Vitamin B12 deficiency and its risks

Vitamin B12 deficiency and its risks

By: Olivia Cristina

Discover the risks that a lack of vitamin B12 can cause in your body!

Vitamin B12 deficiency, also known as hypovitaminosis B12, is a medical condition that occurs when the body does not have sufficient amounts of this essential vitamin to function properly.

Vitamin B12 plays a crucial role in the human body, as it is involved in a number of vital functions, including the formation of red blood cells, the maintenance of the nervous system and cell metabolism.

Causes of Vitamin B12 Deficiency

The main cause of vitamin B12 deficiency is the lack of adequate intake of this vitamin in the diet. Vitamin B12 is found mainly in foods of animal origin, such as meat, fish, dairy products and eggs.

Therefore, people who follow vegetarian or vegan diets have a higher risk of developing this deficiency unless they take vitamin B12 supplements or consume fortified foods. Other causes include:

  • Bariatric surgery: some types of bariatric surgery can reduce significant parts of the stomach, which can result in poor absorption of the vitamin.
  • Medicines: some classes of medicines (proton inhibitors, cholestyramine, H2 antihistamines, metformin, antibiotics, omeprazole, esomeprazole and pantoprazole) can interfere with vitamin absorption.
  • Digestive problems: people with Crohn's disease or celiac disease may have difficulty absorbing vitamin B12, which can lead to deficiency.
  • Excessive alcohol consumption.

Symptoms Caused by B12 Deficiency

Symptoms of vitamin B12 deficiency can range from fatigue and weakness to serious neurological problems, such as numbness and tingling in the hands and feet. Without treatment, B12 deficiency can lead to serious complications, such as megaloblastic anemia and permanent damage to the nervous system.

Other common symptoms include loss of sensation in the lower extremities, ocular temblors, temblors and palpitations, mouth ulcers, loss of memory and loss of appetite.

Treatment of Hypovitaminosis B12

It is important to diagnose and treat vitamin B12 deficiency early to prevent long-term complications. Treatment usually involves the administration of oral or injectable vitamin B12 supplements, depending on the severity of the deficiency. Therefore, if you suspect this deficiency due to the symptoms, it is recommended that you consult a specialist doctor to assess your state of health. In the case of children, it is especially important to seek medical attention as soon as possible, as low levels of vitamin B12 can cause irreversible damage.

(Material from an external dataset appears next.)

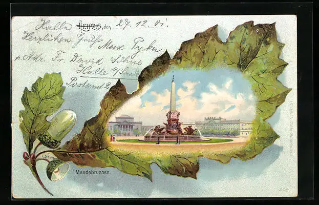 Passepartout-Lithographie Leipzig, Mendelbrunnen
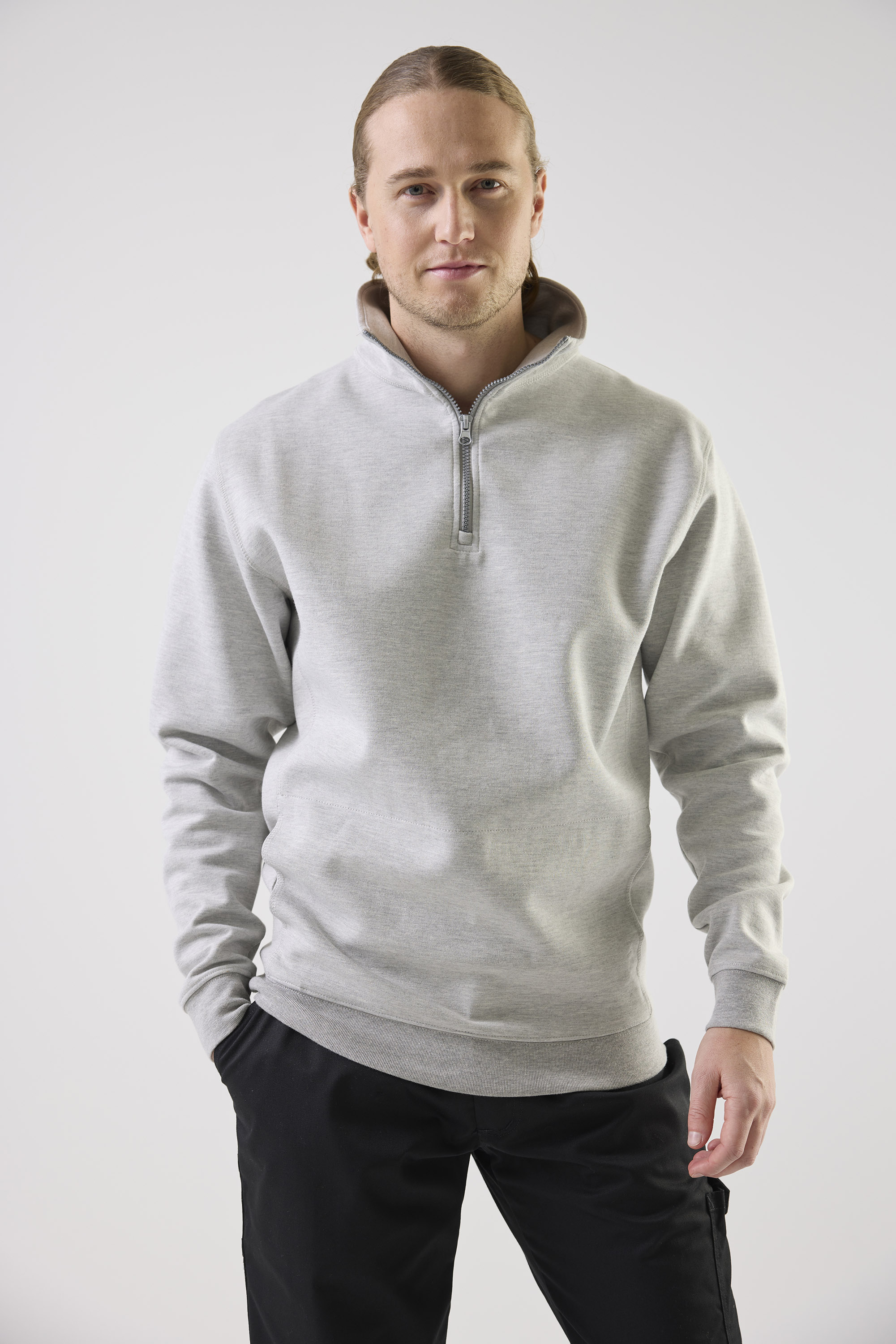 Sweatshirt med krage och kort dragkedja från Top Swede. Designad för både komfort och hållbarhet med ribbstickad mudd i nederkant och ärmslut. Perfekt för arbete i bygg och industri där funktion möter stil.

The main treatments include intramuscular injections of vitamin B12 (100 mcg concentration) in the form of hydroxocobalamin (mainly in cases of pernicious anemia), supplements and multivitamins, and changes in the diet to include foods rich in vitamin B12, such as milk, beef liver, eggs, queso, seafood, yogurt, pollo, fish and yeast.

How to Know if Your Vitamin B12 Level is Low

As well as seeing a doctor to assess your state of health, some tests will be carried out to reach a diagnosis. The recommended tests include a complete blood count (CBC), which analyzes the number of red blood cells and hemoglobin, as well as their shape, size and color.

It is also important to analyze folate and vitamin B12 (also known as cyanocobalamin) levels using biochemical tests. The levels considered normal for vitamin B12 are between 200 and 800 pg/ml.